Question

What is the explicit rule for this geometric sequence? a1=-15;an=1/5•an-1

Answer 1

Answer:

Option A is correct.

$a_n =-15 (\frac{1}{5})^{n-1}$

Step-by-step explanation:

Given: $a_1 = -15$ ; $a_n = \frac{1}{5} \cdot a_{n-1}$

for n = 2

$a_2 = \frac{1}{5} \cdot a_{2-1}$ = $\frac{1}{5}\cdot a_1 = \frac{1}{5} \cdot (-15)$

for n =3

$a_3 = \frac{1}{5} \cdot a_{3-1}$ = $\frac{1}{5} \cdota_2= (\frac{1}{5})^2\cdot (-15)$

Simlarly , for n =4

$a_3 = \frac{1}{5} \cdot a_{4-1}$ = $\frac{1}{5}\cdot a_3= (\frac{1}{5})^3\cdot (-15)$

and so on...

Common ratio(r) states that for a geometric sequence or geometric series, the common ratio is the ratio of a term to the previous term.

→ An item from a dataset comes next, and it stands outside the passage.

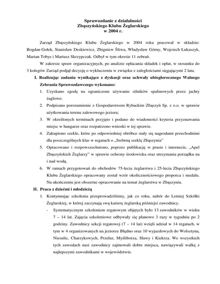 Sprawozdanie z działalno ci Zb szy skiego Klubu eglarskiego w 2004 r. Zarz d Zb szy skiego Klubu eglarskiego w 2004 roku pracował w składzie: Bogdan Gołek, Stanisław Deskiewicz, Zbigniew liwa, Władysław Górny, Wojciech Łukaszyk, Marian Tobys i Mariusz Skrzypczak. Odbył w tym okresie 11 zebra . W zakresie spraw organizacyjnych, po analizie opłacania składek i opłat, w stosunku do 3 kolegów Zarz d podj ł decyzj o wykluczeniu w zwi zku z zaległo ciami si gaj cymi 2 lata. I. Realizuj c zadania wynikaj ce z dyskusji oraz uchwały ubiegłorocznego Walnego Zebrania Sprawozdawczego wykonano: 1. Uzyskano zgod na ograniczone u ywanie silników spalinowych przez jachty aglowe; 2. Podpisano porozumienie z Gospodarstwem Rybackim Zb szy Sp. z o.o. w sprawie u ytkowania terenu zalewowego jeziora; 3. W okre lonych terminach przyj to i podano do wiadomo ci kryteria przyznawania miejsc w hangarze oraz rozpatrzono wnioski w tej sprawie. 4. Zakupiono szekle, które po odpowiedniej obróbce stały si nagrodami przechodnimi dla poszczególnych klas w regatach o „Srebrn szekl Zb szynia” 5. Opracowano i rozpowszechniono, poprzez publikacj w prasie i internecie, „Apel Zb szy skich eglarzy” w sprawie ochrony rodowiska oraz utrzymania porz dku na i nad wod . 6. W ramach przygotowa do obchodów 75-lecia eglarstwa i 25-lecia Zb szy skiego Klubu eglarskiego opracowany został wzór okoliczno ciowego proporca i medalu. Na uko czeniu jest obszerne opracowanie na temat eglarstwa w Zb szyniu. II. Praca z dzie mi i młodzie 1. Kontynuuj c szkolenia przeprowadzili my, jak co roku, nabór do Letniej Szkółki eglarskiej, w której zaczynaj sw karier - eglarsk pó niejsi zawodnicy. Systematycznym szkoleniem regatowym obj tych było 13 zawodników w wieku 7 – 14 lat. Zaj cia szkoleniowe odbywały si planowo 3 razy w tygodniu po 2 godziny. Zawodnicy sekcji regatowej (7 – 14 lat) wzi li udział w 14 regatach, w tym w 4 organizowanych na jeziorze Bł dno oraz 10 wyjazdowych do Wolsztyna, Niesulic, Charzykowych, Przełaz, My liborza, Sławy i Kiekrza. We wszystkich tych zawodach nasi zawodnicy zajmowali dobre miejsca, nawi zywali walk z najlepszymi zawodnikami w województwie. 2 Najwi kszymi osi gni ciami w 2004 roku było: - Mi dzywojewódzkie Mistrzostwa Młodzików w kl. Optymist - 3 miejsce w klasyfikacji generalnej i 4 miejsce w klasyfikacji dziewcz t. - Puchar Wolsztyna – 3 miejsce w ród dziewcz t w klasyfikacji do Pucharu Polski oraz 1 miejsce w wy cigu o „Bł kitn Wst g Jeziora Berzy skiego”. - Puchar Starosty wiebodzi skiego w Przełazach – 1 miejsce - Puchar Wójta Gminy Sk pe w Niesulicach – 2 miejsce. - Zakwalifikowanie si Partycji ołnierkiewicz do kadry młodzików woj. wielkopolskiego. - W klasyfikacji klubowej województwa wielkopolskiego zaj li my 5 miejsce (11 klubów) w klasie Optymist, a 12 miejsce na 20 kluby przy uwzgl dnieniu wszystkich klas. 2. W ramach współpracy z sekcj eglarsk Mi dzyszkolnego Uczniowskiego Klubu Sportowego „Gimnazjon” przy Gimnazjum w Zb szyniu udost pniali my młodzie y gimnazjalnej łód aglow typu Zefir oraz jachty OK.-Dinghy, które młodzie sama wyremontowała a nast pnie eksploatowała; 3. Równie w ramach współpracy z MUKS „Gimnazjon” w ub. roku przeprowadzony został kolejny kurs, zako czony egzaminem na stopie 4. Wspólnie z Wielkopolskim Okr gowym Zwi zkiem realizacj programu „ agle dla Wszystkich” eglarza jachtowego. eglarskim kontynuowali my skierowanego do dzieci niepełnosprawnych oraz z rodzin, którymi opiekuje si O rodek Pomocy Społecznej w Zb szyniu (udział wzi ło 51 dzieci, w tym 17 z Niemiec oraz 15 opiekunów) 5. eglarstwo w ród dzieci i młodzie y propagowali my poprzez: - Udział w organizacji pikników, z okazji Dnia Dziecka, dla dzieci ze „Szkoły ycia” oraz Przedszkola w Zb szyniu zabieraj c je na aglówki i wypływaj c na jezioro - Dzieci cy Zespół Taneczny „REGO”, prowadzony przez kole ank klubow , przygotował kolejn edycj widowiska muzycznego, opartego na szantach i ta cach marynarskich, pt. „Rejs” - Udost pniali my na rejsy po jeziorze łód typu DZ, z obsług , dla dzieci przedszkolnych, młodzie y szkolnej, gimnazjalnej oraz dla nauczycieli Byli my organizatorami 8 imprez na Jeziorze Bł dno, w których uczestniczyły dzieci i młodzie . 3 III. Zgodnie z zaakceptowanym przez Walne Zebranie kalendarzem, przeprowadzono nast puj ce imprezy: - sportowe: 1. regaty - rejs przez jezioro w ramach realizacji programu „ agle dla Wszystkich” – czerwiec 2. regaty „Katamaran Cup” zaliczane do „Pucharu Europy” – czerwiec 3. regaty o „Puchar Zb szynia” z okazji Dni Zb szynia i Dni Morza dla jachtów klasy Słonka i Omega – czerwiec 4. regaty dookoła Jeziora Bł dno – Memoriał Bronka Billewicza, wieloletniego zasłu onego członka naszego Klubu (4 edycja) – 15 sierpie 5. regaty o „Srebrn Szekl Zb szynia” (13 edycja), w tym jeden bieg dla samych sterników łodzi kabinowych o „Lamp Nawigacyjn ” – wrzesie 6. regaty o „Bł kitn Wst g Jeziora Bł dno” (44 edycja) dla najszybszej łódki generalnie, w tym o „Beczk ” dla najszybszej kabinówki – wrzesie - turystyczne: 1. Regaty rodzinne – Rejs jachtów kabinowych szlakiem Jezior Obrza skich dla całych rodzin we wrze niu. IV Prace zwi zane z modernizacj przystani 1. Przedłu enie o 10 m III pomostu – cumowniczego 2. Umocnienie i zabezpieczenie nabrze a przy III pomo cie 3. Przeprowadzenie konserwacji i wymiany uszkodzonych desek na pomostach 4. Wykonanie urz dzenia do monta u i demonta u pomostów. 5. Przyst piono do modernizacji plastikowych toalet – zlikwidowane zostan wewn trzne zbiorniki, a zainstalowane miski ust powe z dolnopłukami, które b d podł czone do szamba. Realizacja tych wszystkich przedsi wzi była mo liwa dzi ki du emu zaanga owaniu kole anek i kolegów w ich organizacj i wykonanie. Wielu udost pniło swoje prywatne jachty do realizacji zada na rzecz dzieci i młodzie y. Du pomoc,

we have;   $r = \frac{a_2}{a_1} = \frac{1}{5}$

Now; by recursive formula for geometric series:

$a_n = a_1 r^{n-1}$

where $a_1$ is the first term and r is the common ratio:

Substitute the value of $a_1 = -15$  and  $r = \frac{1}{5}$

we have;

$a_n =-15 (\frac{1}{5})^{n-1}$

therefore, the explicit rule for the geometric sequence is; $a_n =-15 (\frac{1}{5})^{n-1}$